** TASK DESCRIPTION **
Write out again the lines from the line with "Thomas Moran’s ‘Twilight" up to and including the line with "Детская площадка из", exactly as they stand below, and skip any picture.

** PROVIDED INFORMATION **
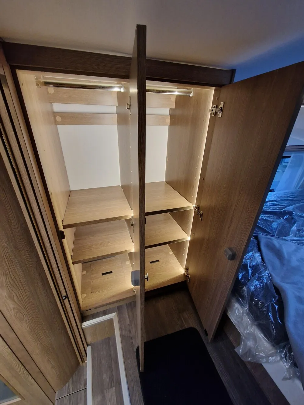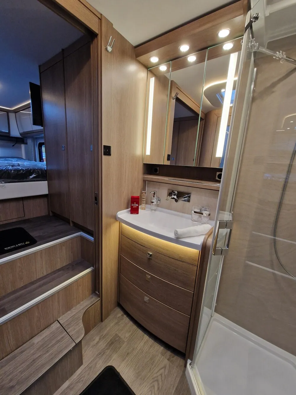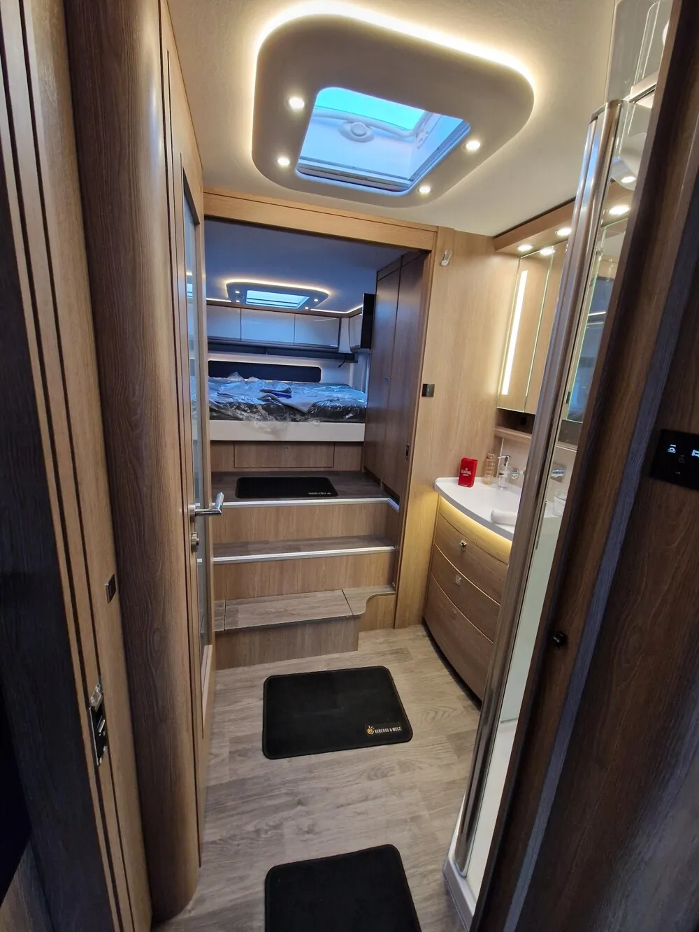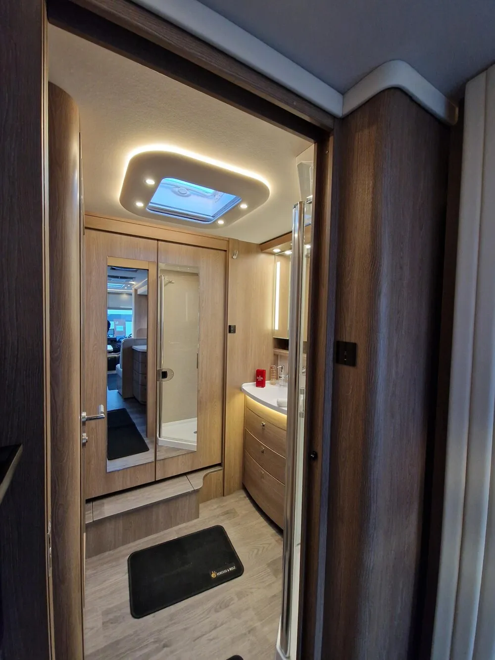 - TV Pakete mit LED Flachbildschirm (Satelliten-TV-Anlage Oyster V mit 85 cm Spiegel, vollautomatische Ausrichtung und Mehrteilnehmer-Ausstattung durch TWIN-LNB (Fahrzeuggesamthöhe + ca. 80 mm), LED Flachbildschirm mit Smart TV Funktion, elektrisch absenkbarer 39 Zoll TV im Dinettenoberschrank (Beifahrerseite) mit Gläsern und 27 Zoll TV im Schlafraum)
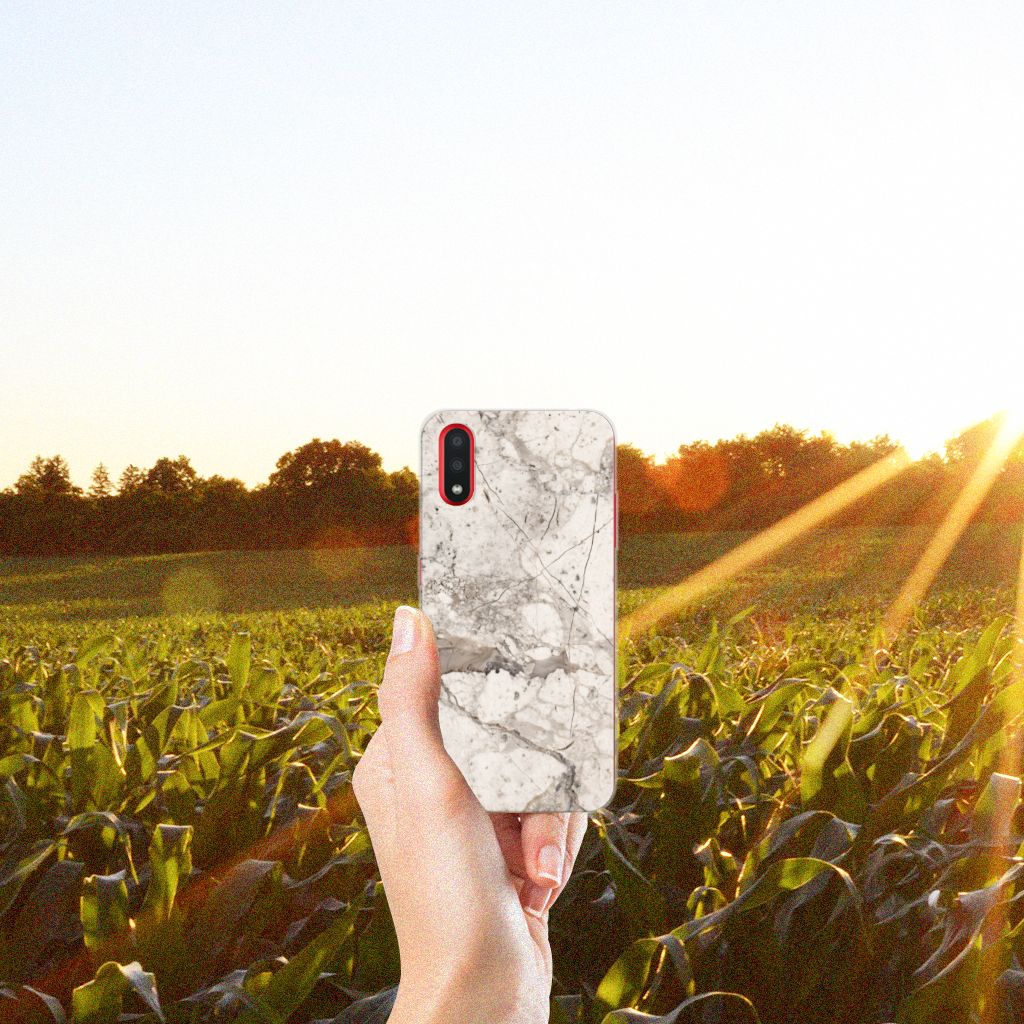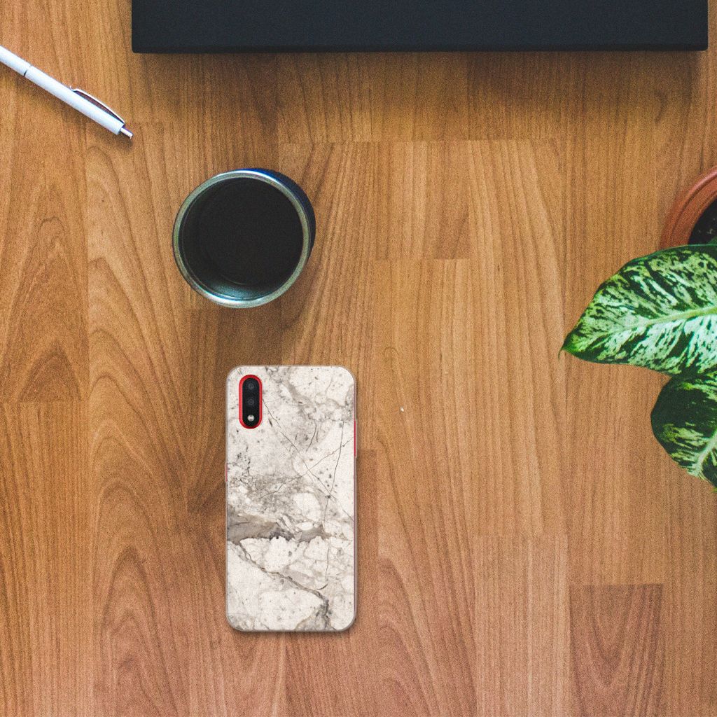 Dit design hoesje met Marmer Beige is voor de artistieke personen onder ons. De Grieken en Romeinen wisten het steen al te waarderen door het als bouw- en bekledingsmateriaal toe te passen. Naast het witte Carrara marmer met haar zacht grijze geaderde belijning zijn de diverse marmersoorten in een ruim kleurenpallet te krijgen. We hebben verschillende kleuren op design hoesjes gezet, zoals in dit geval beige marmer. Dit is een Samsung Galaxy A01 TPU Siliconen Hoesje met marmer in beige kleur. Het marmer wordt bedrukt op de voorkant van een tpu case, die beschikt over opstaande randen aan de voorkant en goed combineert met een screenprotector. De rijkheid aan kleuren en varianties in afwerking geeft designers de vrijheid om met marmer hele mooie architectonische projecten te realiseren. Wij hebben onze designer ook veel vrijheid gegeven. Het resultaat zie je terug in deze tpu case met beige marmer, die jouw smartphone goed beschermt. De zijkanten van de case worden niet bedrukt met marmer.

...

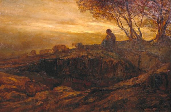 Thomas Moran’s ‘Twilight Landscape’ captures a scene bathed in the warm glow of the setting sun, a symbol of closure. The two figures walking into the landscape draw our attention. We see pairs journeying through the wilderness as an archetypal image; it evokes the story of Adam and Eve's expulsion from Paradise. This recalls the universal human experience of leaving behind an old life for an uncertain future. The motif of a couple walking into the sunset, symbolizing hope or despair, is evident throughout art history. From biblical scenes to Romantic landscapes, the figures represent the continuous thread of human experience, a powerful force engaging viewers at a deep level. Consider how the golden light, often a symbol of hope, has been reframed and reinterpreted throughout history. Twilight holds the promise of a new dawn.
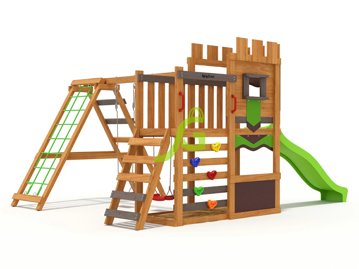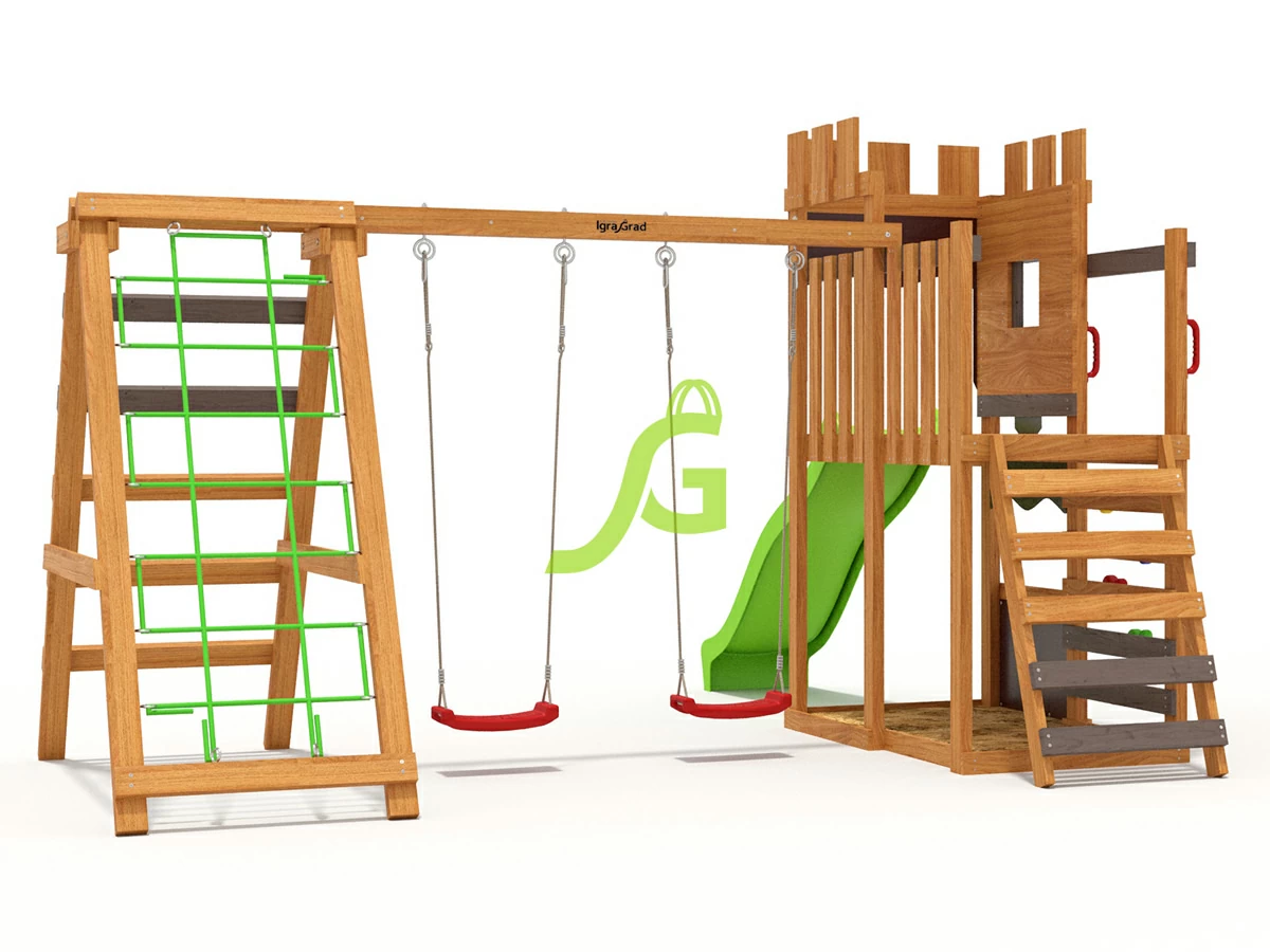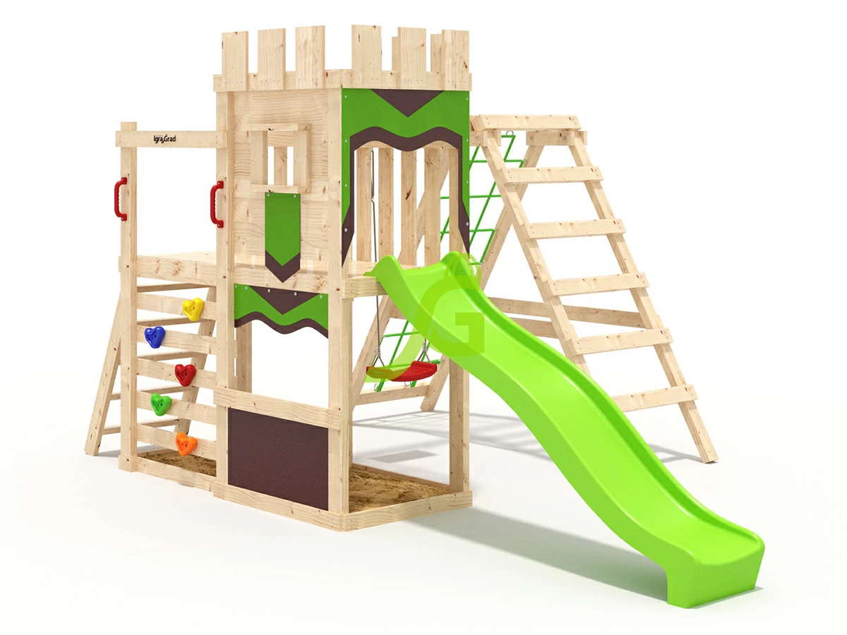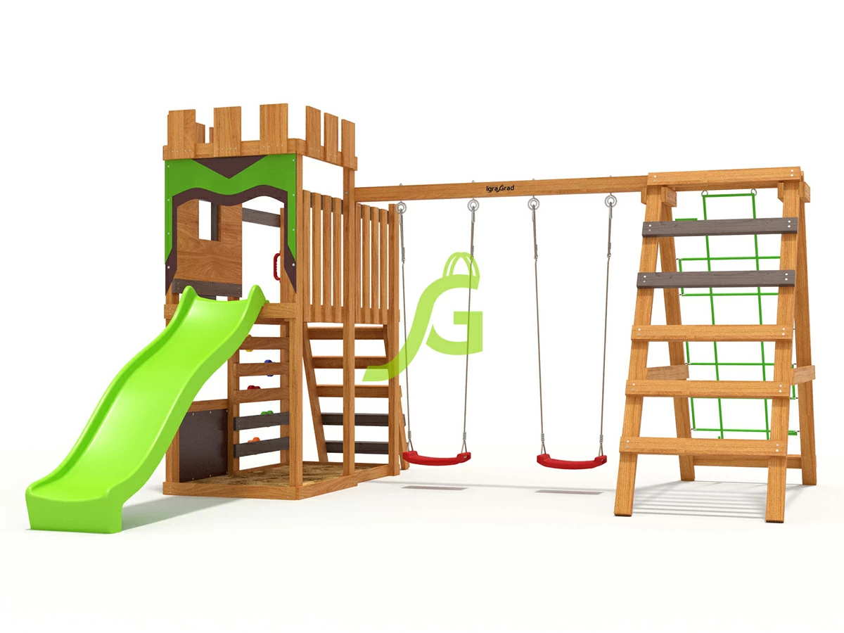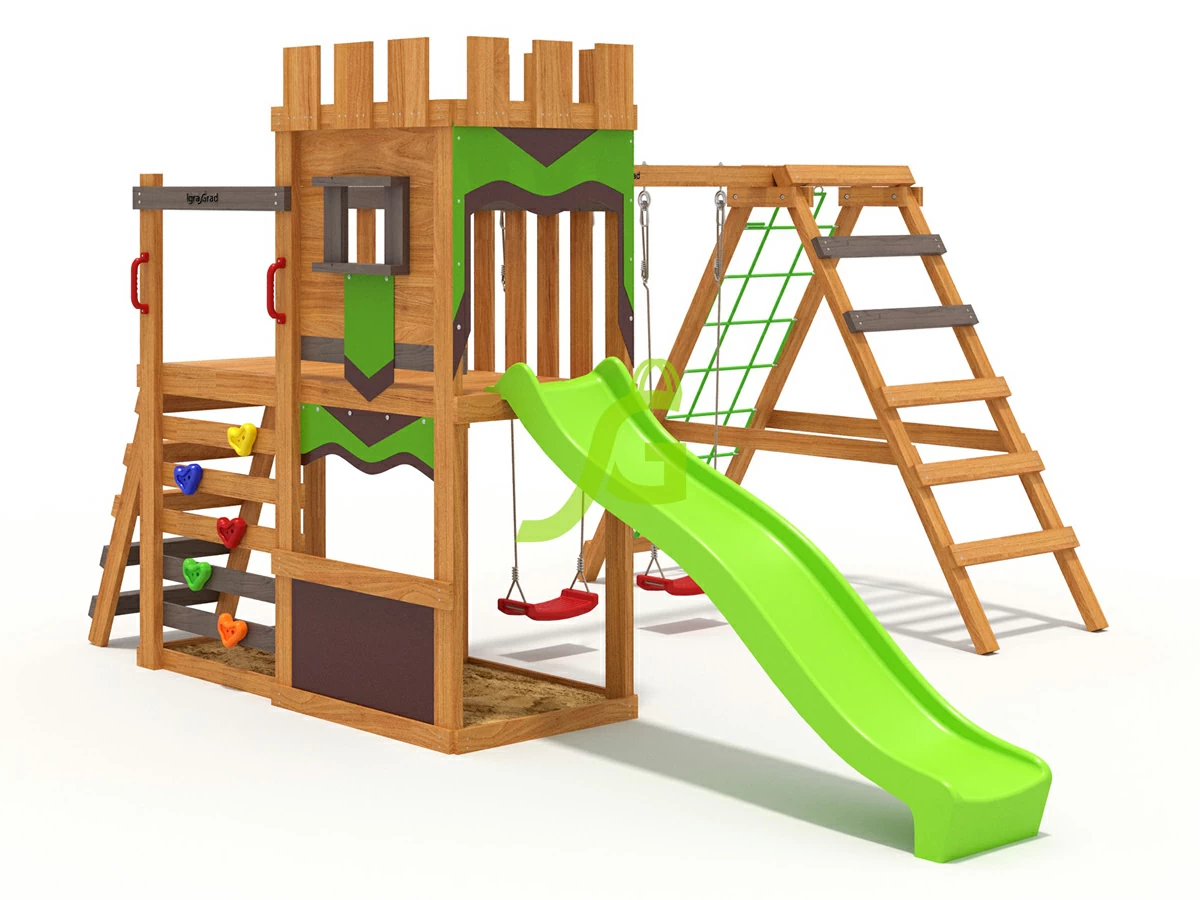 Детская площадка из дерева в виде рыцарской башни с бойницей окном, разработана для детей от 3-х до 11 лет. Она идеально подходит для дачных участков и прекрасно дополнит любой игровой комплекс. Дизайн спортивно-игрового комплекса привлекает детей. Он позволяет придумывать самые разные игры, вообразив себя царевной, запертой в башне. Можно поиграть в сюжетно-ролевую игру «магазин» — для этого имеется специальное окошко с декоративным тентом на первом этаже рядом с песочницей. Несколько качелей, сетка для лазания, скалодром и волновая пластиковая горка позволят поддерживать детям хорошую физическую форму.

---

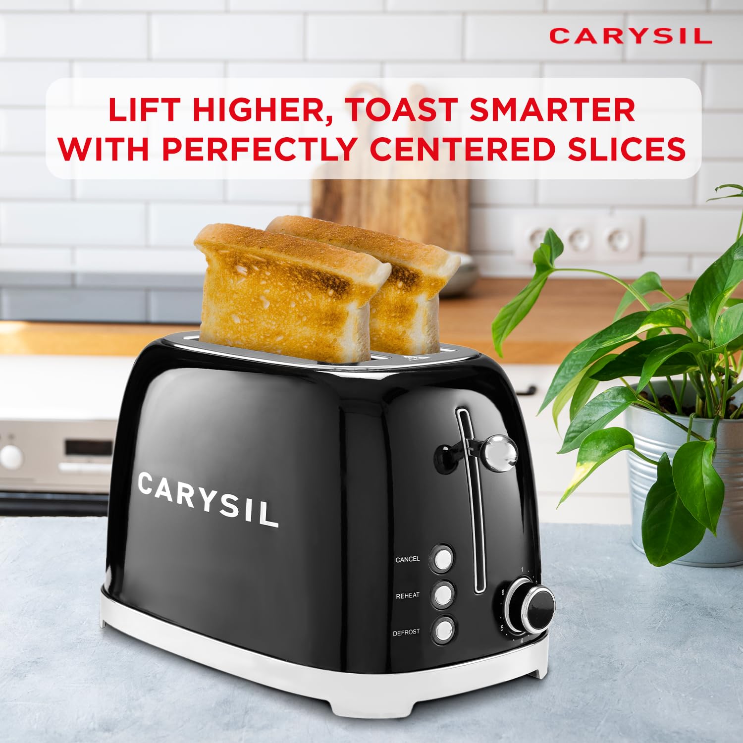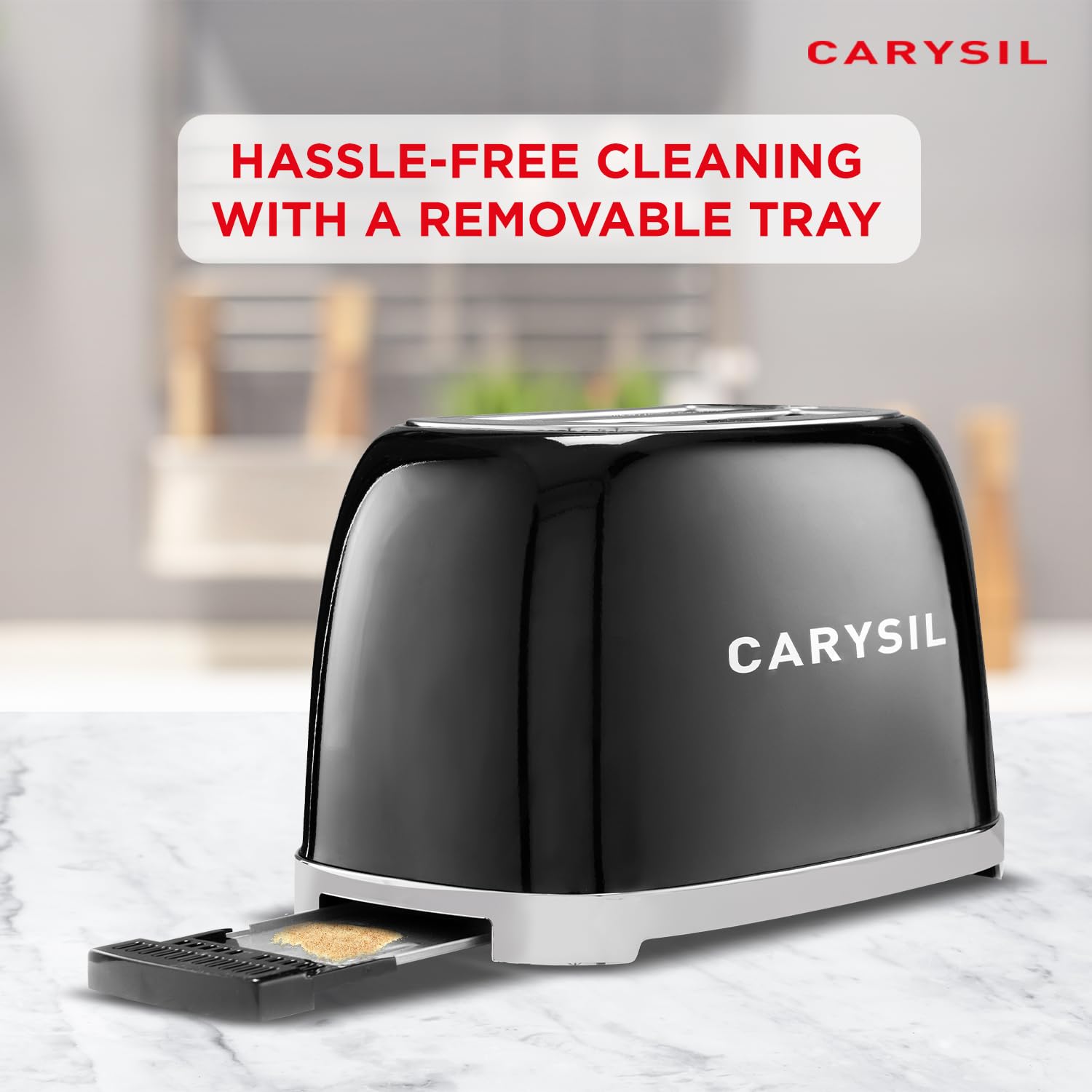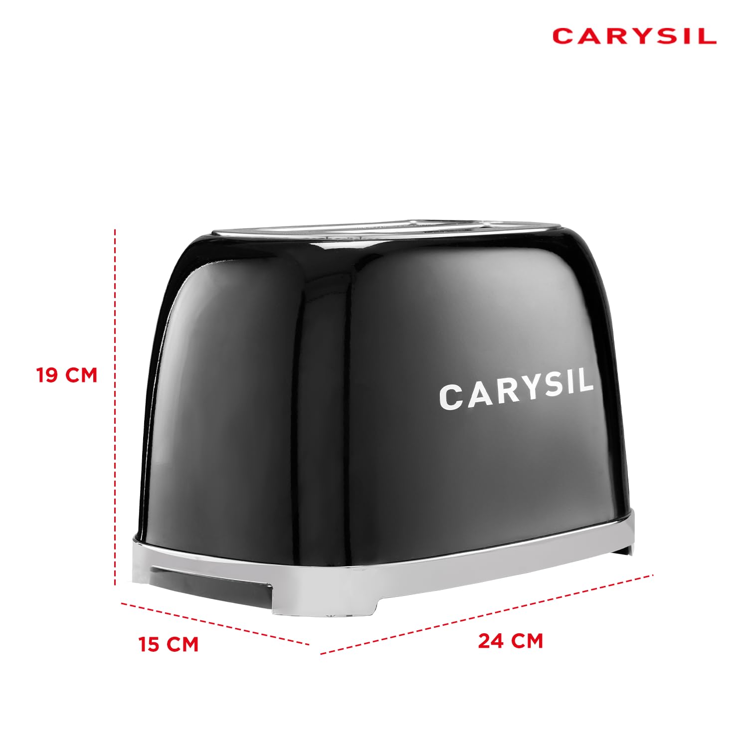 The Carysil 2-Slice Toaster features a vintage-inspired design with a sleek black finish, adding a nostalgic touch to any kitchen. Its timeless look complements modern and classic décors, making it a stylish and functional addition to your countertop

** EXERCISE RESPONSE **
 Thomas Moran’s ‘Twilight Landscape’ captures a scene bathed in the warm glow of the setting sun, a symbol of closure. The two figures walking into the landscape draw our attention. We see pairs journeying through the wilderness as an archetypal image; it evokes the story of Adam and Eve's expulsion from Paradise. This recalls the universal human experience of leaving behind an old life for an uncertain future. The motif of a couple walking into the sunset, symbolizing hope or despair, is evident throughout art history. From biblical scenes to Romantic landscapes, the figures represent the continuous thread of human experience, a powerful force engaging viewers at a deep level. Consider how the golden light, often a symbol of hope, has been reframed and reinterpreted throughout history. Twilight holds the promise of a new dawn.
 Детская площадка из дерева в виде рыцарской башни с бойницей окном, разработана для детей от 3-х до 11 лет. Она идеально подходит для дачных участков и прекрасно дополнит любой игровой комплекс. Дизайн спортивно-игрового комплекса привлекает детей. Он позволяет придумывать самые разные игры, вообразив себя царевной, запертой в башне. Можно поиграть в сюжетно-ролевую игру «магазин» — для этого имеется специальное окошко с декоративным тентом на первом этаже рядом с песочницей. Несколько качелей, сетка для лазания, скалодром и волновая пластиковая горка позволят поддерживать детям хорошую физическую форму.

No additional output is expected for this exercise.